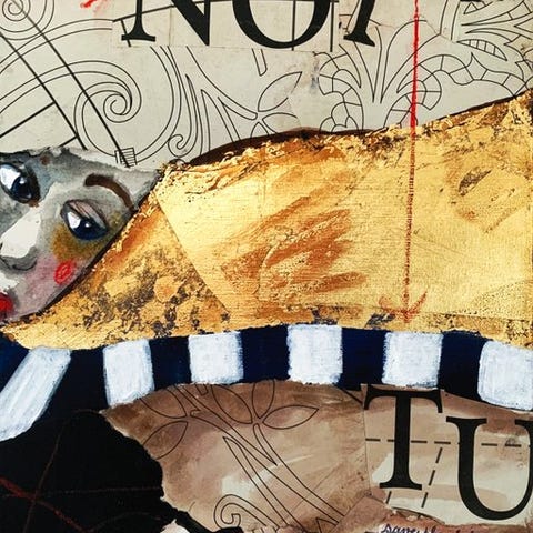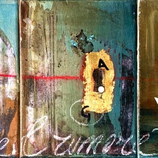 Teknik: Abstrakt composition i olie-, akryl- og aerosolmaleri med collage-indlæg
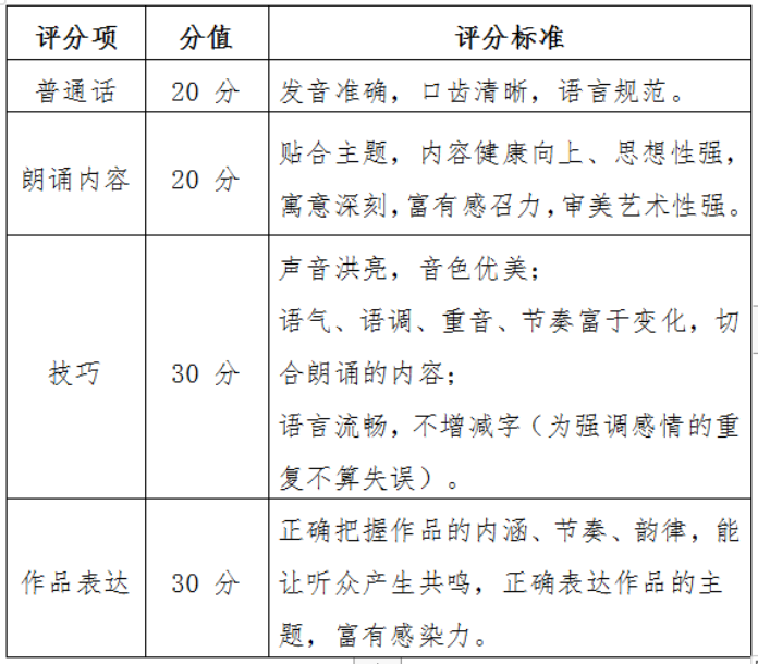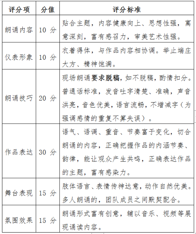 (一)朗诵内容。主题健康向上,内容要兼具思想性、 文化性、艺术性。可自行选取国内公开出版的古今中外优秀经典诗词、散文、文学作品章节等进行朗诵,文体不限。
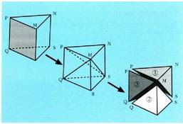 zuzen bat hiru piramide berdinetan zatika daiteke.Izan ere, QRS oinarria eta NS altura duen prisma bat, bi poliedrotan
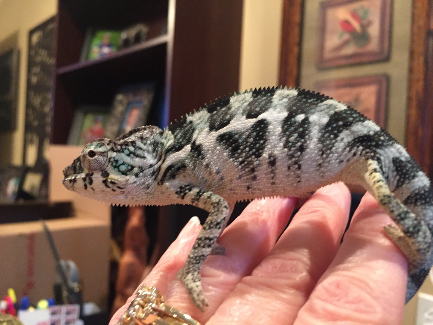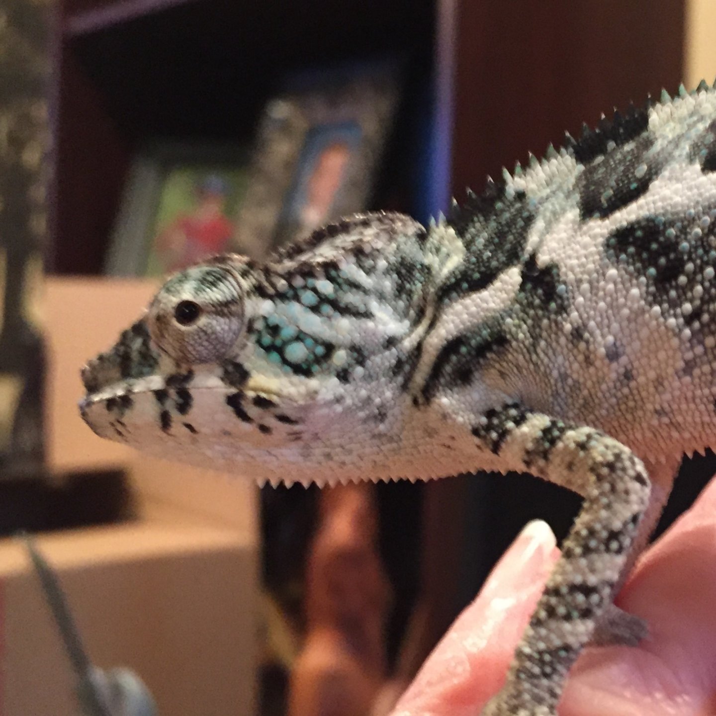 Amazing how tame he is!! I'm envious, my females are like your males, I like the coloring of your cham, what locale is he? When he turns 6 - 8 months I would cut back on feeding, every other day, a fat cham is unhealthy. Fyi, they need heat and uv rays to digest and absorb their food.
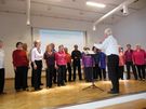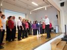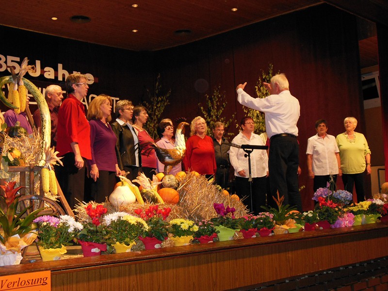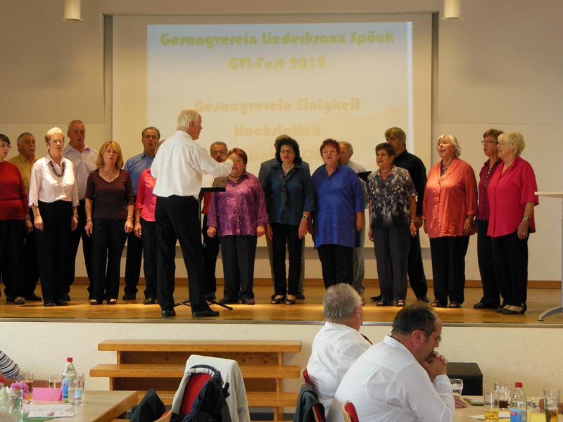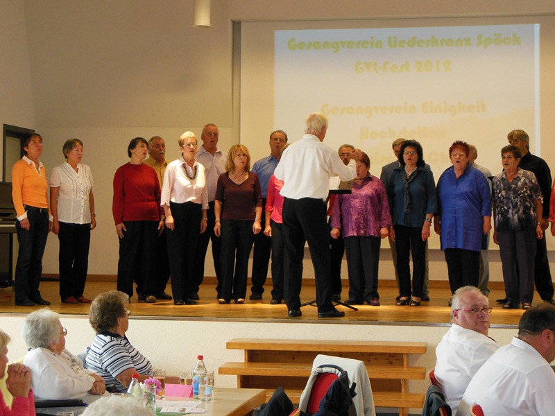 Gut eingesungen vom Probentag am Samstag, trafen sich die Aktiven des traditionellen Chores am Sonntagvormittag in der Speechahalle in Spöck. Der Liederkranz Spöck feierte in der Halle sein Herbstfest und hatte uns zum musikalischen Frühschoppen eingeladen. Wir präsentierten eine unterhaltsame Mischung aus besinnlichen und schwungvollen Liedern, die beim Publikum sehr gut ankamen. Auch Chorleiter Hans Vogt war sehr zufrieden, so konnten wir uns gut gelaunt das Mittagessen schmecken lassen und den anderen Chören lauschen.

### Task description
Say again, exactly, only those lines of the records that run from the start through the line with "zuzen bat hiru". Pictures are to be skipped.

### Expected output
 Teknik: Abstrakt composition i olie-, akryl- og aerosolmaleri med collage-indlæg
 (一)朗诵内容。主题健康向上,内容要兼具思想性、 文化性、艺术性。可自行选取国内公开出版的古今中外优秀经典诗词、散文、文学作品章节等进行朗诵,文体不限。
 zuzen bat hiru piramide berdinetan zatika daiteke.Izan ere, QRS oinarria eta NS altura duen prisma bat, bi poliedrotan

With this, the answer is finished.